If you want people to read your book, you have to be more than a talented storyteller or researcher – you will need plenty of persistence, says Darlene Quinn, a 75-year-old award-winning novelist whose passion for the written word trumped her lucrative position as a top executive at the legendary Bullocks Wilshire department stores.
“Sometimes an author has it easy; either they’re already a celebrity, or their name has been widely reported in a major public scandal – or both – but not even those criteria guarantee readership,” says Quinn, author of “Unpredictable Webs”, (www.darlenequinn.net), the newest in her stand-alone series of suspense-filled dramatic novels.
“Many authors will tell you just don’t get into the book-writing business, because writing something that people will want to read is challenge enough. Then you face the daunting process of getting people to buy it!”
She offers these tips for getting your book in front of the masses – and enticing them to buy it.
• Draw on the strengths that helped you meet previous challenges: Quinn found professional footing decades ago, in a time when it was rare for women to rise to executive positions. After earning a bachelor’s at San Jose State University, she became a schoolteacher. She later climbed her way up to working as a department store executive during a time of tremendous upheaval in the retail fashion industry. The tenacity and perseverance required to achieve that dream served her well when she fixed on another dream – writing – late in life. She sharpened her writing chops by penning articles for trade journals, magazines and newspapers.
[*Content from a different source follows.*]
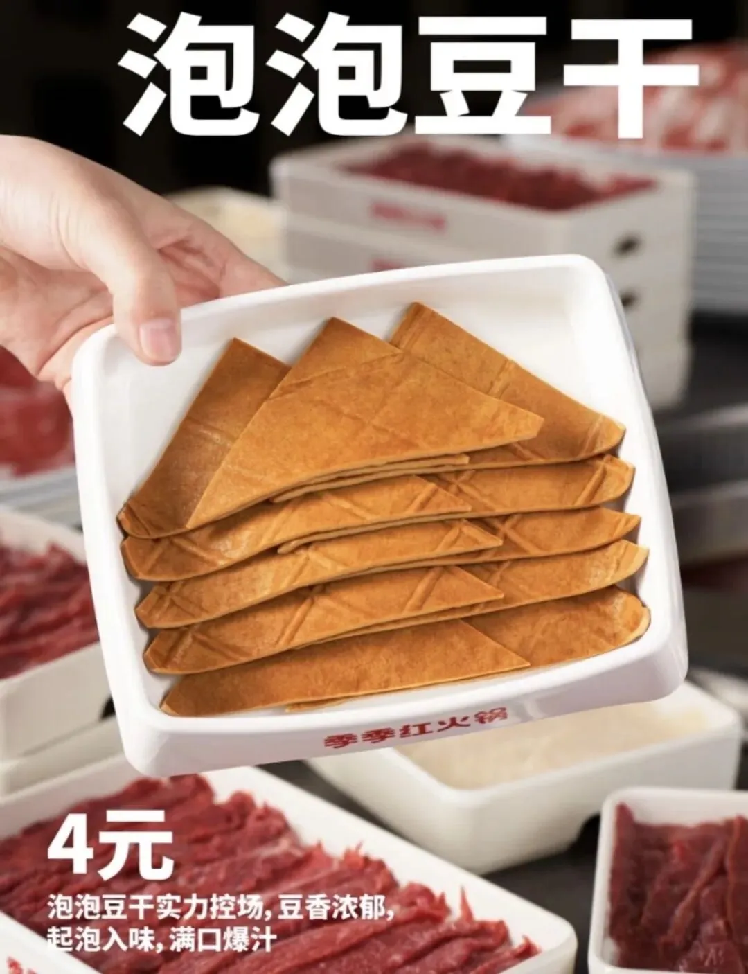 ●泡泡豆干/冻豆腐:吸满汤汁,一口爆汁,江西火锅灵魂配菜

• Book awards: Simply entering your book in a contest gives it some exposure. Should it be selected for an award, you’ve got a great marketing tool that can open doors otherwise closed to you. Awards sticker or seals, which can be added to the book cover, can help persuade book stores to carry it. The press release announcing winners of local, national or international book awards also trigger Google Alerts, positively increasing exposure. Announcements of winners prior to publication alert avid readers to upcoming releases.
• Book awards II: Do your research; make sure that the contest is well-established and legit. Read the rules, and if at all possible, research the judges who will be reviewing the books. Try to avoid contests that have high entry fees and those that appear to be non-discriminating. National and international contests such as the Indie Book Awards, Writers Digest Book Awards, USA Best Book Awards Reader’s Favorites, and International Best Book Award (sponsored by USA Book News) are just a few respectable contests that meet these criteria. There are also many legitimate regional and local book contests to consider.
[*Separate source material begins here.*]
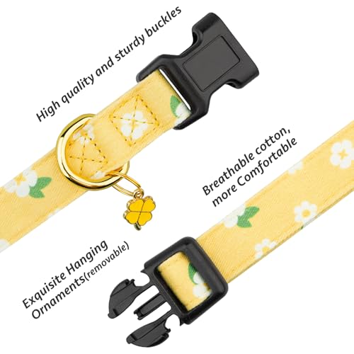 Faygarsle Cotton Designer Dogs Collar Cute Flower Dog Collars for Girl Female Small Medium Large Dogs with Flower Charms.Introducing our newest addition to your pup's wardrobe - the girl dog collar. Made for the stylish and chic female dogs out there this lovely collar is also perfect for small dogs. Even larger and medium-sized dogs can rock this floral collar with ease. Perfect for spring and summer this collars is designed to keep your furry best friend stylish and comfortable all year round. The soft fancy design features beautiful flowers that will add that extra bit of flair to any dog's outfit. Durable and practical this pet collar will make your dog look fabulous on any occasion. Upgrade your pup’s look with a beautiful floral dog collar with a perfect combination of style and comfort. The dog collar with flower charm and make your pup’s style shine!

• Quality in every respect: With power comes responsibility. In the past, the only real hope an author had of being read by anyone beyond his or her immediate family was going through a major publisher. Today, authors can take production matters into their own hands with self- or independent publishing, which may lead to a contract with a major book company. Either way, a writer should ensure quality in every aspect — from the plot and characters, to the cover art, design and paper. Make sure the book is edited by an objective professional.